There is no question, there were many faults in Brooke and his personality had many problems and episodes of instability. Would he have overcome them, had he survived the war or would he have descended into manic depression, which is one possible explanation for his break-down in 1912 and his behaviour afterwards? None can tell. No more can we tell whether his talent would have developed into something truly magnificent or whether he would have become another second-rate poet like the other Georgian poets? Would his literary talent have stayed with the war like Sassoon's did or moved forward like Graves's did? We can but speculate and, sensibly, Paul Delaney does very little of it. There is so little to go on.
He does make a very interesting point about the role of Brooke and the other poets and writers, people who came from a class that had not, traditionally, sent its sons to war and who, therefore, reacted with greater horror to what they faced.

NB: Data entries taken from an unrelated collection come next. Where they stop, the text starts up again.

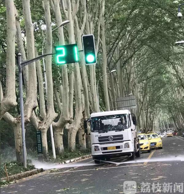 今天(8月13日),受台风“摩羯”影响,钟山风景区行道树产生大量断枝、落叶,陵园大道、植物园路等主要大路路面及路边绿篱、地被上都被法桐的落叶和枝条覆盖,影响车辆通行。
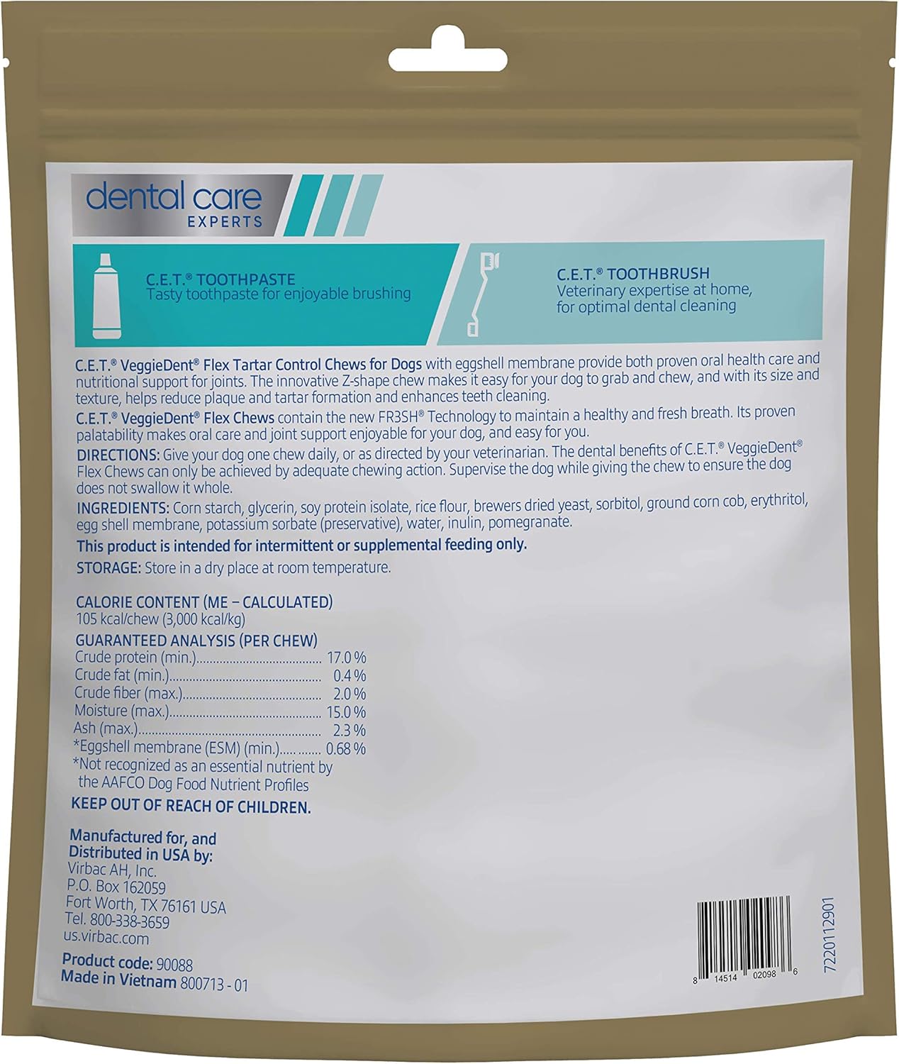 Virbac C.E.T. VEGGIEDENT Flex Tartar Control Chews for Dogs - Large
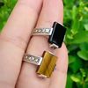 Square Tiger's Eye Gemstone Silver Ring
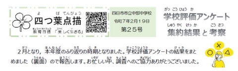 2学期末にご協力いただいた学校評価アンケートの結果と考察をお知らせします。
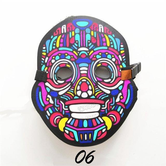 - Sound reactive LED mask: light will pulse by sensing the sound.
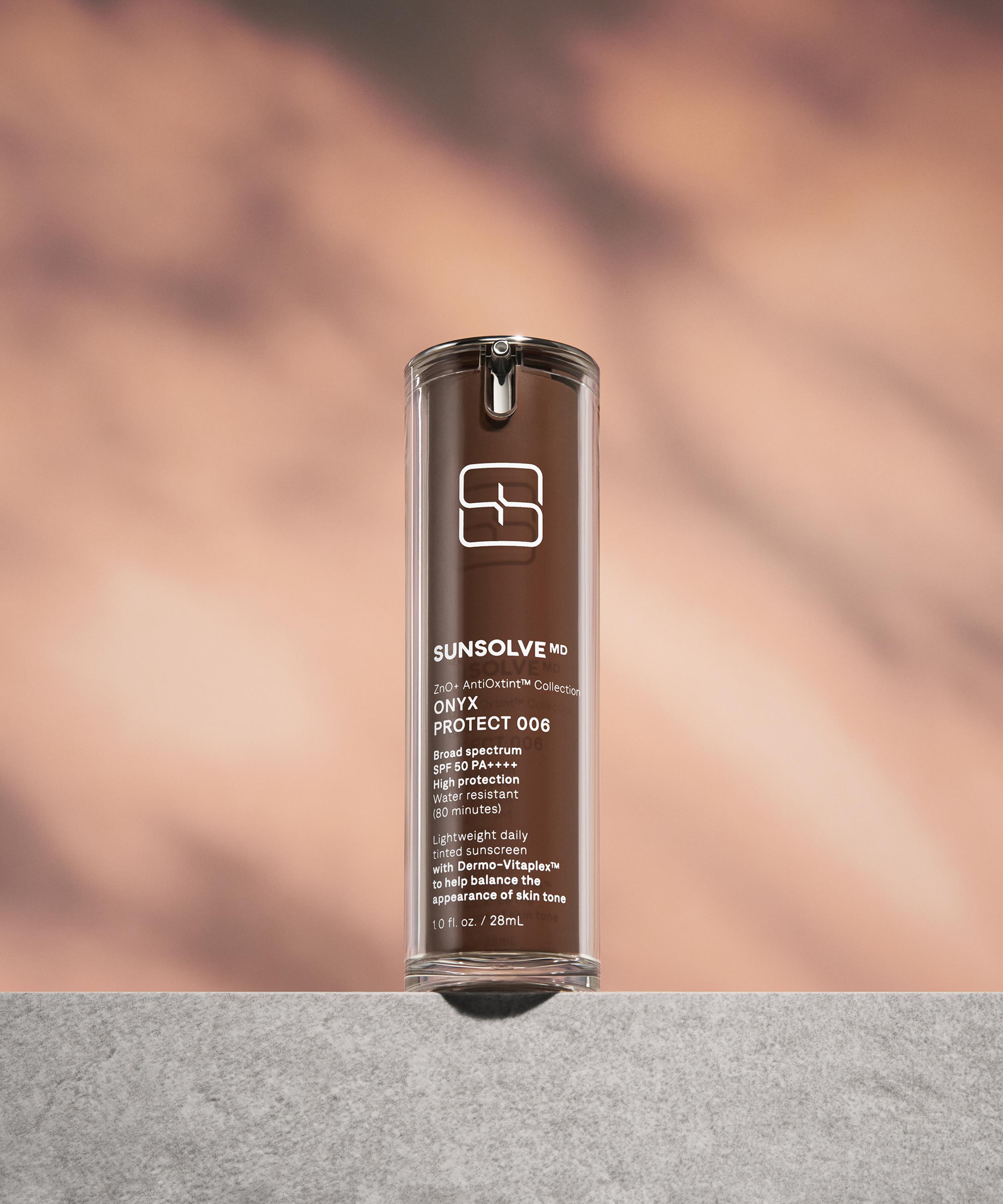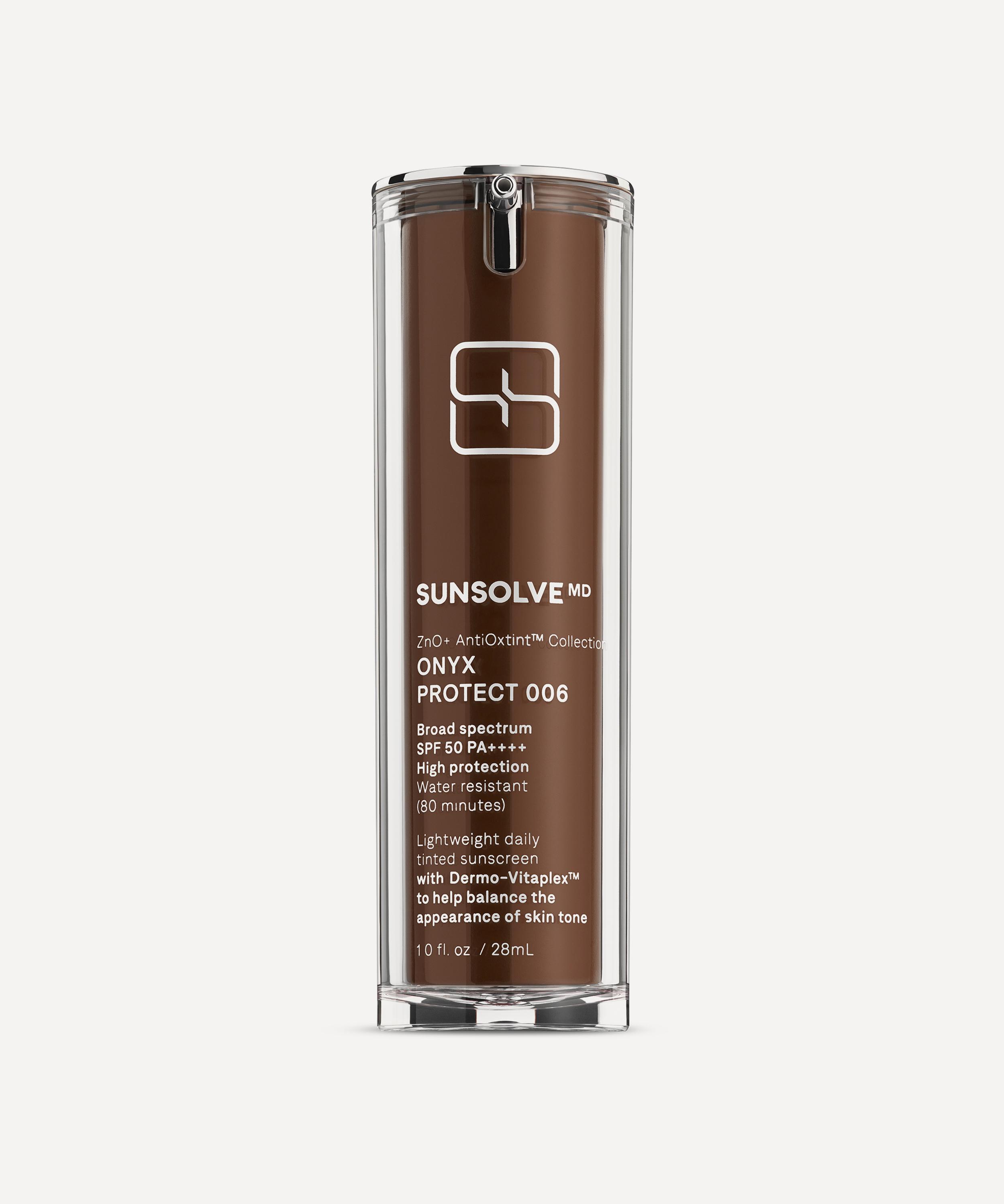 Enhance your skin and blur imperfections with SunsolveMD’s daily-wear ZnO + AntiOxtint Onyx Protect, a multi-tasking tinted mineral sunscreen with broad spectrum SPF 50 that instantly evens your skin tone with a soft-matte, silky finish.
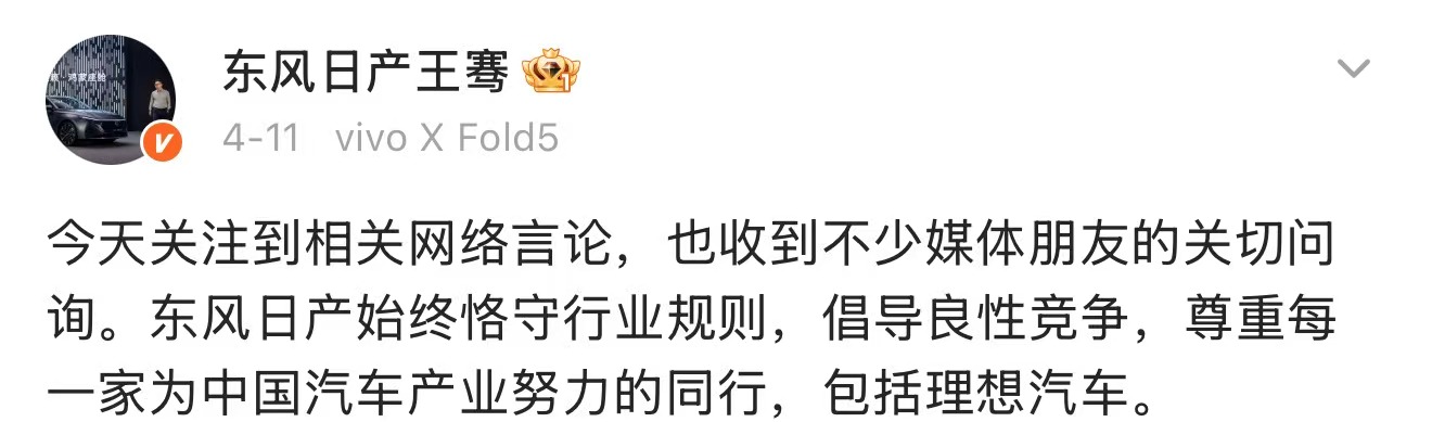 東風日產汽車銷售有限公司新能源品牌總經理王騫隨後回應稱,東風日產尊重每一家為中國汽車產業努力的同行,包括理想汽車。
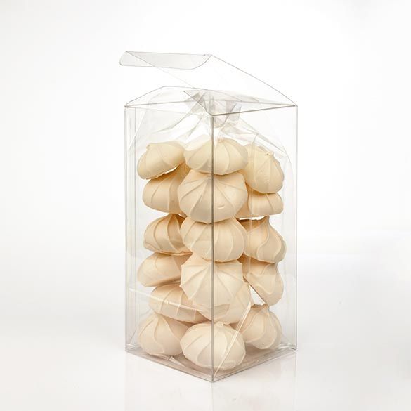Add a touch of class to your product presentation with our crystal clear soft fold boxes. FB57 measures 4" x 4" x 8" and works well for candy, snacks, crafts, beauty and bath products, collectibles, and more. This 12 mil box is made of durable PET material and is food safe. Assemble by folding along soft fold lines and secure with interlocking tabs. For a theft-resistant closure, clear round stickers are included with this product. Boxes ship flat to save on shipping costs.
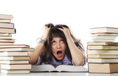 zmęczony badań, młoda kobieta siedzi na jej biurku z książki

Rupert's death would have counted for much less if he had been a conscript. As a volunteer, it mattered little that he had died of illness just before his fellow officers were mowed down by the Turks. He had chosen to face death for his country; his country had not chosen for him. And he had volunteered as a poet, who in his war sonnets had expressed the volunteer's creed of self-sacrifice. Nor did all war poetry need to be of that kind: the poets of disillusion - Sassoon, Graves, Owen - had been volunteers, too.Numbers of volunteers went down as the news from the Western front and Gallipoli came in and by 1916 those who maintained that the war could not be fought or won without conscription were politically victorious. The idea that had been proclaimed as un-British for decades became acceptable and by 1939 taken for granted.
The 1914 - 15 generation of volunteers had a unique moral authority, sandwiched between the professionals of the British Expeditionary Force and the conscripts of 1916 - 18. No other belligerent country had met its wartime needs for soldiers in the British way; not coincidentally, none of those countries produced a comparable generation of poets. Whatever the excesses of Rupert's war poems, he still had his place in that lyrical flowering, without precedent before or since.